>>>

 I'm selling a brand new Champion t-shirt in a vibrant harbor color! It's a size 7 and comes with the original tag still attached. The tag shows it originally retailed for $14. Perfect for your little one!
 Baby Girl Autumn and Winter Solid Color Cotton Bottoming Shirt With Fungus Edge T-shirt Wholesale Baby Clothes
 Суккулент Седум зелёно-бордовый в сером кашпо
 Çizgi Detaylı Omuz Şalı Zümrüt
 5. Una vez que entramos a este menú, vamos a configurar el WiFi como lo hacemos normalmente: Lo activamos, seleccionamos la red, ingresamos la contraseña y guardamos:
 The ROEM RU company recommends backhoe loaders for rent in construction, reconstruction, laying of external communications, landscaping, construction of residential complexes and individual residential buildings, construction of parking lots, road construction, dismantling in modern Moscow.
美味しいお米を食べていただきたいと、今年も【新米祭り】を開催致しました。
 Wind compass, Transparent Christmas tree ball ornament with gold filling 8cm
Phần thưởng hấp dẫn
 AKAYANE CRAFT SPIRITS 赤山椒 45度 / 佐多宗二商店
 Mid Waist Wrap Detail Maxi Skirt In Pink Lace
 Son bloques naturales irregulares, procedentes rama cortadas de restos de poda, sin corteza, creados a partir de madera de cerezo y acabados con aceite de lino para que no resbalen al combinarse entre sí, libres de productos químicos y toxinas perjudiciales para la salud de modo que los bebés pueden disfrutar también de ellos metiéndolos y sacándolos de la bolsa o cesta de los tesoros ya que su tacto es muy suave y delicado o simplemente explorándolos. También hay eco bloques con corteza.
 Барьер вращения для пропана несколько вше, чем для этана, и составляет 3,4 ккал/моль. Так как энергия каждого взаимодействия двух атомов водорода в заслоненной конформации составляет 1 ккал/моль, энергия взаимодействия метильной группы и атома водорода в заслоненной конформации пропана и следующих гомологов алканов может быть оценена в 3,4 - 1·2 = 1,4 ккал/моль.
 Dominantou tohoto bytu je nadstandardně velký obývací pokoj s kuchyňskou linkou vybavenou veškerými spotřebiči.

<<<

◆ **Exercise requirements**: Tally every line in these entries where the string "shirt" occurs. The tally alone is the answer.

◆ **Answer for the task**: 2